Father Roger K. Arnsparger, diocesan vicar of education, announced the creation of the evangelization committee – made up of parents, teachers and other stakeholders – about 10 months ago to find ways to enhance the nine Mecklenburg Area Catholic Schools'' "Catholic identity." This came on the heels of the 2010 accreditation by the Southern Association of Colleges and Schools of the diocesan school system, which in part gauges Catholic identity in Church-run schools.
At the time, Father Arnsparger said the committee would "explore how our schools are implementing their mission to 'proclaim the Good News of the Gospel' and to identify opportunities to enhance the spiritual development of our students, parents, teachers, principals and administrators."

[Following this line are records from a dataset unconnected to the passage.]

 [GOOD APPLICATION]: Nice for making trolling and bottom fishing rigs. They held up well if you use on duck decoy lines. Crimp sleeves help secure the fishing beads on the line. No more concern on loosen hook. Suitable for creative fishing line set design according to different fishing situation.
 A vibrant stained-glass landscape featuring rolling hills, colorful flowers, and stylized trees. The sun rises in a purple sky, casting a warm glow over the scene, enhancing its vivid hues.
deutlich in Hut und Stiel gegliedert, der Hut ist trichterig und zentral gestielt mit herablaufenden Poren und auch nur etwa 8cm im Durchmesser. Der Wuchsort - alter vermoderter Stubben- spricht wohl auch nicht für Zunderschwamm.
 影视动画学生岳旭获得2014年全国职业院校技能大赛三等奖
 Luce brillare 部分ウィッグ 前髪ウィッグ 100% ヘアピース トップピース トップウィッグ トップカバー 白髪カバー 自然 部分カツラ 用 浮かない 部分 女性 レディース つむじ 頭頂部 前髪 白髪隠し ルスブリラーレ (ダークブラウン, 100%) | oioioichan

The committee then set about creating and distributing a survey for MACS families, conducted interviews with teachers and administrators and established focus group meetings at seven of nine schools to glean ideas and input on the subject of "Catholic identity," which is a key factor in the district's accreditation process.
"Most of the nine school teams have reported their findings, (and we) hope that the remaining teams wrap up by later January," said Jason Beckert, who chairs the evangelization committee. "We're pleased with the quality of ideas we have received so far."

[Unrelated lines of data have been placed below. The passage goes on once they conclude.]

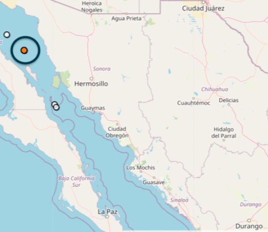Tembló hoy en Puerto Peñasco; sismo de 4.1 grados, en la escala de Richter, informa el SSN. M 4.1 2025-05-23 13:16:59 (hora centro)
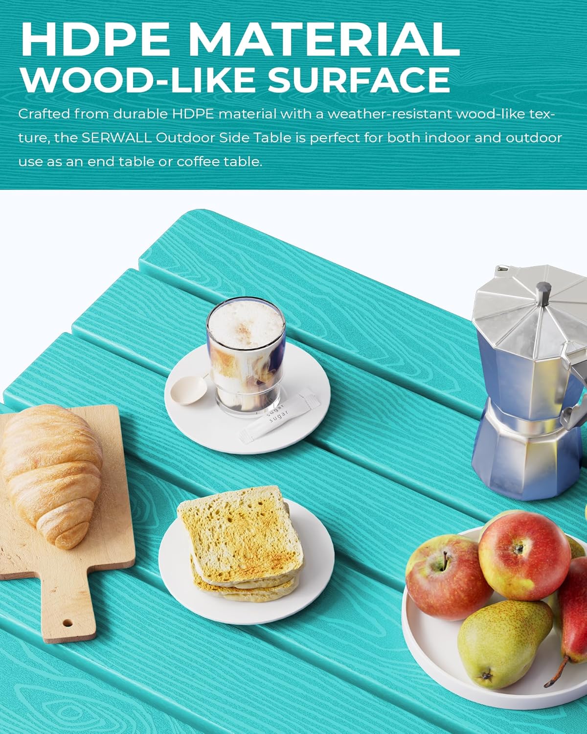 - [Premium Wood-Textured Surface] Offering the aesthetic appeal of wood without the upkeep, the SERWALL Side Table features a wood-textured HDPE surface that adds an elegant and natural touch to your outdoor decor.
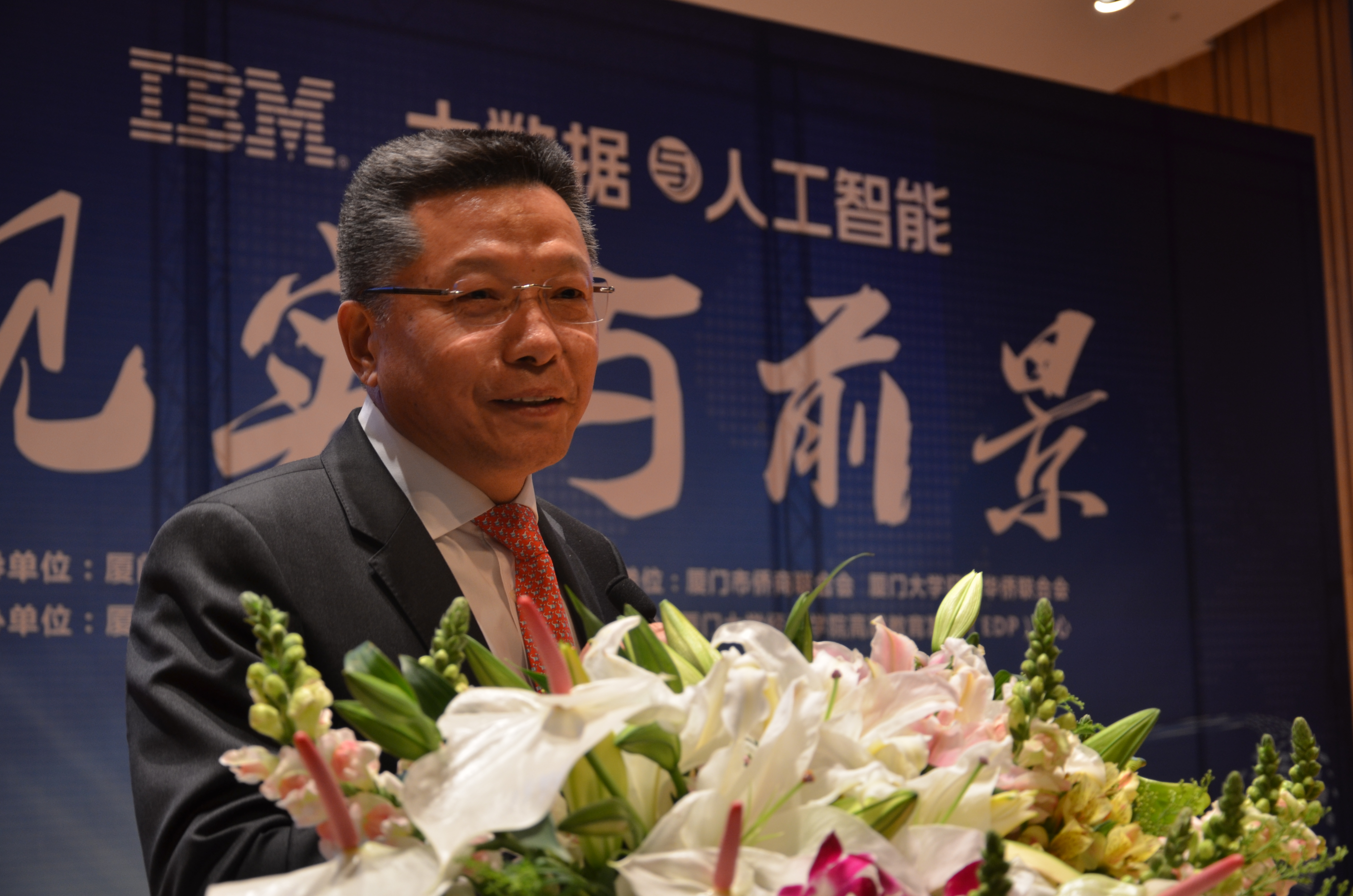 3月21日下午,IBM大中华区董事长陈黎明做客我校南强学术讲座,做《大数据与人工智能:现实与前景》演讲。本次讲座也是厦门市侨商联合会成立5周年、我校96周年校庆活动之一。校党委书记张彦在演讲开始前会见了陈黎明。福建省侨联副主席、厦门市侨联主席王德贤为讲座致辞。我校校长助理滕伯刚代表学校向陈黎明颁发了南强学术讲座纪念牌。厦门市委统战部副部长蔡林娜,省侨联副主席、我校侨联主席程璇,新加坡驻厦门领事馆总领事池兆森等出席。

The findings compiled by the committee will be sent to Father Arnsparger and the Mecklenburg Area Catholic Schools Board for review sometime in March or April, with an implementation plan to be developed upon approval of the committee's recommendations.
"The committee wishes to thank all of the principals, teachers and parents who graciously shared their input and enthusiasm over the last six months," Beckert added. "We are especially grateful to Father Arnsparger for his leadership and guidance along the way."

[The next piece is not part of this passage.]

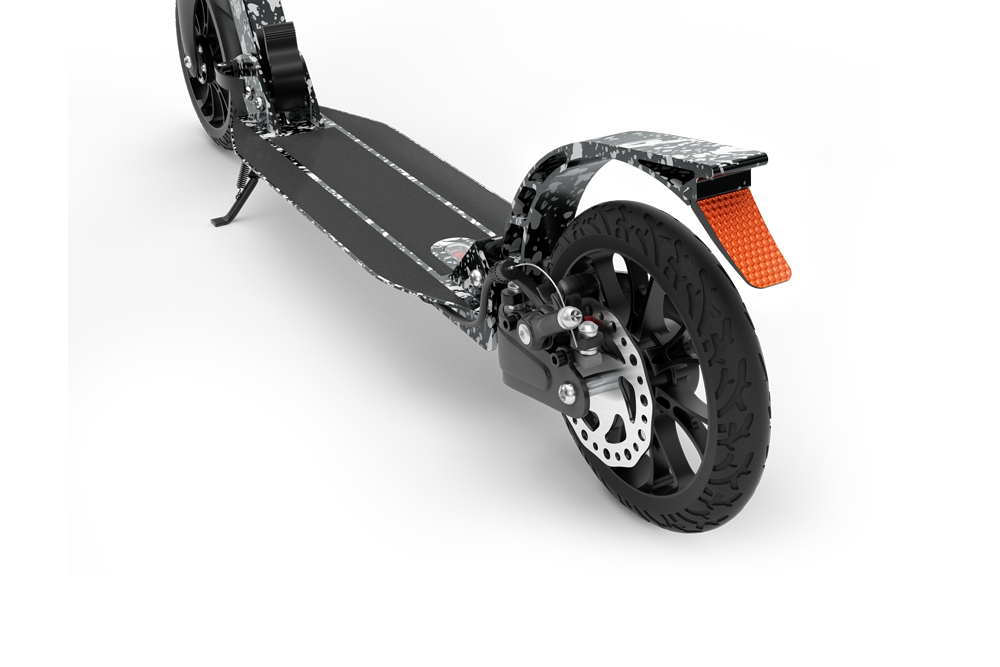 The scooter is equipped with fenders on both front and back wheels, this is a must when commuting to avoid any backsplash on your outfit.

Using "The Holy See's Teaching on Catholic Schools" by Archbishop J. Michael Miller, CSB, as a guide, the committee and Father Arnsparger said they want to clarify and establish what the Church asserts as the "five marks of Catholic schools." That means schools which are: inspired by a supernatural vision, founded on a Christian anthropology, animated by communion and community, imbued with a Catholic worldview throughout its curriculum, and sustained by Gospel witness.
Michael Guerra, former president of the National Catholic Educational Association, echoed this approach, stating: "The first and most important task for Catholic schools is to maintain and continually strengthen their Catholic identity."